Extracted records START
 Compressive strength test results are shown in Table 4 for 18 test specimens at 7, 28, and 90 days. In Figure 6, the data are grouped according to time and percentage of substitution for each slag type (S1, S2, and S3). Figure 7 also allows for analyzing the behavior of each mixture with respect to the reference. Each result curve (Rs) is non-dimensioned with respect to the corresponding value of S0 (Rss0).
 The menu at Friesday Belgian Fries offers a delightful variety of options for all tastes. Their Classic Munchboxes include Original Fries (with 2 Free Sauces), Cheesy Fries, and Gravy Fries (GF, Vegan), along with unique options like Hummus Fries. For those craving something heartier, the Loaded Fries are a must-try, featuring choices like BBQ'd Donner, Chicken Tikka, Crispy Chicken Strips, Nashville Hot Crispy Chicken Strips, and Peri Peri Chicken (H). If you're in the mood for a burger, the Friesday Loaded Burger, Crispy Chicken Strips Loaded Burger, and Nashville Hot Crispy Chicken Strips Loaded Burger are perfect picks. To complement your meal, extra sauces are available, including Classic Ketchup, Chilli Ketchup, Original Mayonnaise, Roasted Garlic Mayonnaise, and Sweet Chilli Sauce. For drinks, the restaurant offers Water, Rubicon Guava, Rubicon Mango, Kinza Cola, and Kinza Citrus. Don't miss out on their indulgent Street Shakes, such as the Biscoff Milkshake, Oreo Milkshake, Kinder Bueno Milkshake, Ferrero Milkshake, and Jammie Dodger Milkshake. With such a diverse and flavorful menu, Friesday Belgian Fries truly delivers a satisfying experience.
Extracted records END
Extracted records START
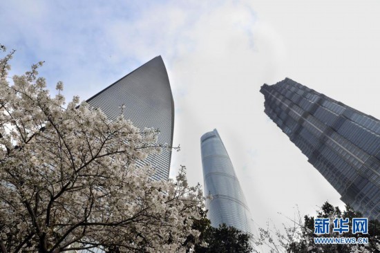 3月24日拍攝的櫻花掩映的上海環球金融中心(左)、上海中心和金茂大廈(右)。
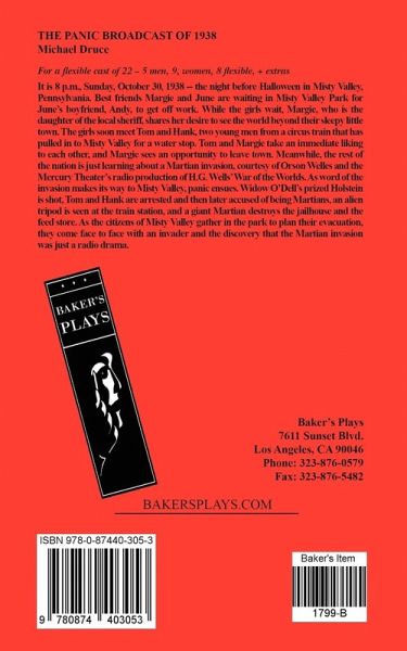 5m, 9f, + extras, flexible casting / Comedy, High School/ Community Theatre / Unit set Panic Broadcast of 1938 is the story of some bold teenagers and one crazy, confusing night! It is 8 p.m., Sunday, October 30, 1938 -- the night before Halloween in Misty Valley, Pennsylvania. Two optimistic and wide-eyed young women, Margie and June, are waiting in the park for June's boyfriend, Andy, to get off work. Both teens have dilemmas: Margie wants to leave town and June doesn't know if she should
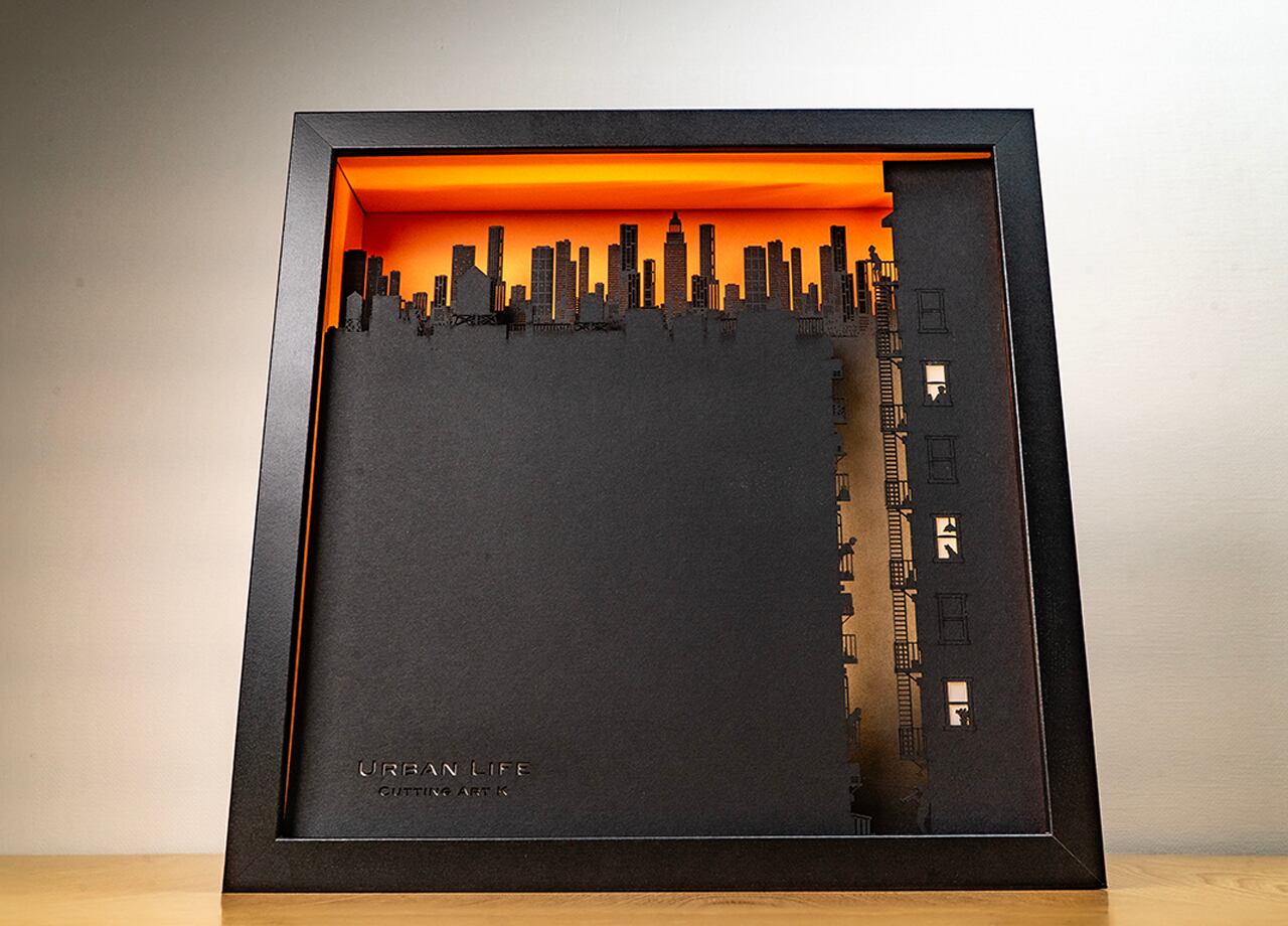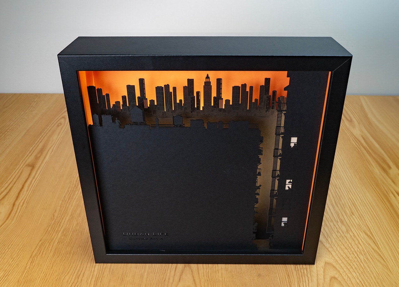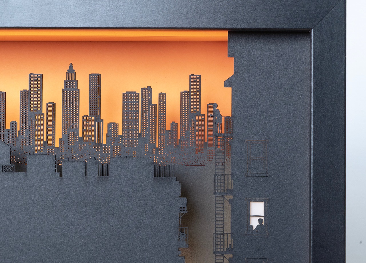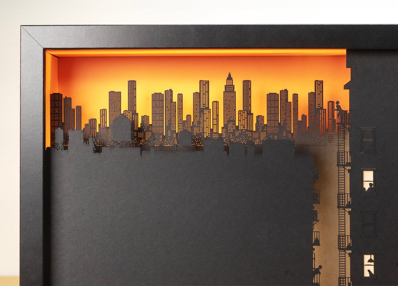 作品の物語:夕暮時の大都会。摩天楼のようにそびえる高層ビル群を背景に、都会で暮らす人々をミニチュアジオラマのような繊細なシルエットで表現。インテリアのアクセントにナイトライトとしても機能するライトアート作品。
Extracted records END
Extracted records START
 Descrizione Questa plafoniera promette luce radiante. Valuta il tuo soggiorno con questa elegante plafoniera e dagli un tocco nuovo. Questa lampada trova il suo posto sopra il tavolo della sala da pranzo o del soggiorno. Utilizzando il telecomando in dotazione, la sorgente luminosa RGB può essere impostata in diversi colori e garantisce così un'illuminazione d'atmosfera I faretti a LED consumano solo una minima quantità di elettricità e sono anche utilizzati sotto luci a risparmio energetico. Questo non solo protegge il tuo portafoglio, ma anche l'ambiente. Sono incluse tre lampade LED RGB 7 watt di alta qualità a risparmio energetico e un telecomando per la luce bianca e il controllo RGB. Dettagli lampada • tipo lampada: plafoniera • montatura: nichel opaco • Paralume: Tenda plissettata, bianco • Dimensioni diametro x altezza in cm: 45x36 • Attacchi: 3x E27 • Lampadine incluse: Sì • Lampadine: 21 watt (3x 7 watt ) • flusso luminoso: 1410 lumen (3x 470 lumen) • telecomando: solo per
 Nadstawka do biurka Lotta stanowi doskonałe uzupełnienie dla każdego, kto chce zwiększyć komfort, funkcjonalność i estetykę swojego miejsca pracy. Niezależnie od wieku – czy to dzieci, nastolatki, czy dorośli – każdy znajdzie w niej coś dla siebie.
Extracted records END
Exercise directions
Given the listing above, repeat exactly the lines starting at the one with "3月24日拍攝的櫻花掩映的上海環球金融中心(左)、上海中心和金茂大廈(右)。" and ending at the one with "作品の物語:夕暮時の大都会。", inclusive, excluding pictures.

Your solution
 3月24日拍攝的櫻花掩映的上海環球金融中心(左)、上海中心和金茂大廈(右)。
 5m, 9f, + extras, flexible casting / Comedy, High School/ Community Theatre / Unit set Panic Broadcast of 1938 is the story of some bold teenagers and one crazy, confusing night! It is 8 p.m., Sunday, October 30, 1938 -- the night before Halloween in Misty Valley, Pennsylvania. Two optimistic and wide-eyed young women, Margie and June, are waiting in the park for June's boyfriend, Andy, to get off work. Both teens have dilemmas: Margie wants to leave town and June doesn't know if she should
 作品の物語:夕暮時の大都会。摩天楼のようにそびえる高層ビル群を背景に、都会で暮らす人々をミニチュアジオラマのような繊細なシルエットで表現。インテリアのアクセントにナイトライトとしても機能するライトアート作品。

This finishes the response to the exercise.